0
votes

I'm trying to make a reaction time game on an stm32 board in C. I'm not sure how to return the exact reaction time, at the moment I made a loop which adds 50ms each time it loops, without getting interrupted.

if ((GPIOA->IDR & USER_GPIO_PIN) != 0x0)
{
   //code
}

So, when you click the button (USER_GPIO_PIN) it should break the loop and return an exact reaction time number (not sure how to do this) or an estimate with

LCD_GLASS_DisplayString((uint8_t*)"text");

So is there any function to get the time difference between presses of the button?

Also, I tried adding a random delay to make the game more enjoyable (after a certain delay the led light flashes and you have to press the button), but the random function I tried, doesn't seem to work.

srand(time(NULL));
uint32_t randomDelay = rand();
2
Only call srand once, at the start of your program.Weather Vane
As you are looking for human reaction times, clock() might be appropriate. Mark the start time, subtract that from the clock() value when the button is pressed. For the actual elapsed time see the man page and CLOCKS_PER_SEC.Weather Vane
Thanks Weather Vane :)Marty4570
There are a couple general purpose hardware timers, a Real Time Clock, and the system clock. You can use any of them.Bence Kaulics
What libraries do you use in development?Bence Kaulics

2 Answers

0
votes

The random functionality in software is just a table with a lot of random numbers. The srand function dictates where in the table you will begin to look.

In other words you will need a "random" number to begin with (aka seed), in order to get the process started. One way to derive this seed is to look at the current time as you did. If this did not work I would look at how srand is used (remember it should only be used once in the initialization) and also what the function time(NULL) returns.

The stm32 (and most other MCU) does have its own random generator built into the HW itself. This functionality becomes available by configuring a defined set of HW registers. ST Microelectronics is kind enough to supply us with both example code and a HAL library bundled together called "STM32Cube" that you can use as a guideline when configuring this. For the stm32f7 series, please see the file stm32f7xx_hal_rng.c.

0
votes

So, when you click the button (USER_GPIO_PIN) it should break the loop and return an exact reaction time number (not sure how to do this)

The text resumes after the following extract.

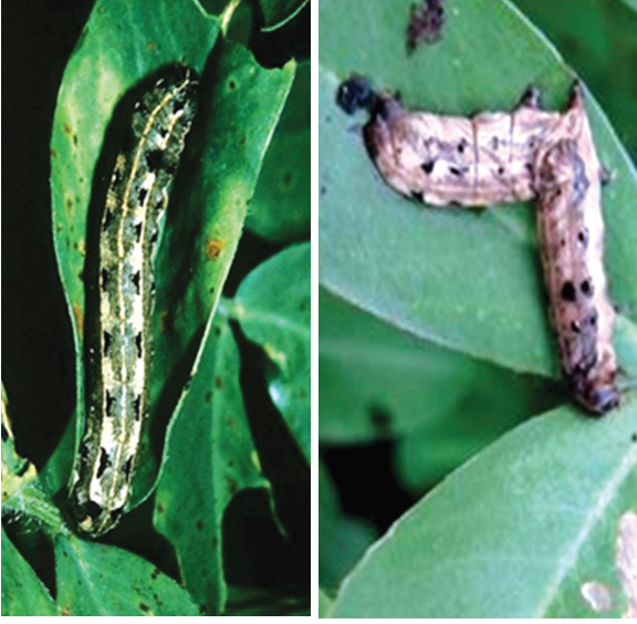
நியூக்ளியர் பாலி ஹெட்ரோசிஸ் நச்சுயிரி (என்.பி..வி) தாக்கிய புரோடனியா புழு (என்.பி..வி)

வெப்ப நிலையும் காணப்படும் போதுதான், பூசணக்கொல்லியும் நன்கு செயல்படும். ஆகவே, மழைக்காலங்களில் இப்பூசணம் நல்லபயனைக் கொடுக்கும்.

The 'clean' way to do this is to attach an EXTI interrupt to your button GPIO pin to trigger on the appropriate edge that matches your button 'down' transition.

When you light the LED, record the current value of a timer. When you get the EXTI interrupt, subtract the new timer value from the old and set a variable to tell your main loop to wake up and do something. Systick is the easiest timer to use for this.

srand(time(NULL));

Not going to work unless you have a backed up RTC that's keeping real-time between resets and a library that's integrating with that.

If you want to seed a PRNG on the STM32 then sample some external randomness like the bottom bits of the temperature/voltage sensor ADC inputs or a floating pin. Better still, use the hardware RNG.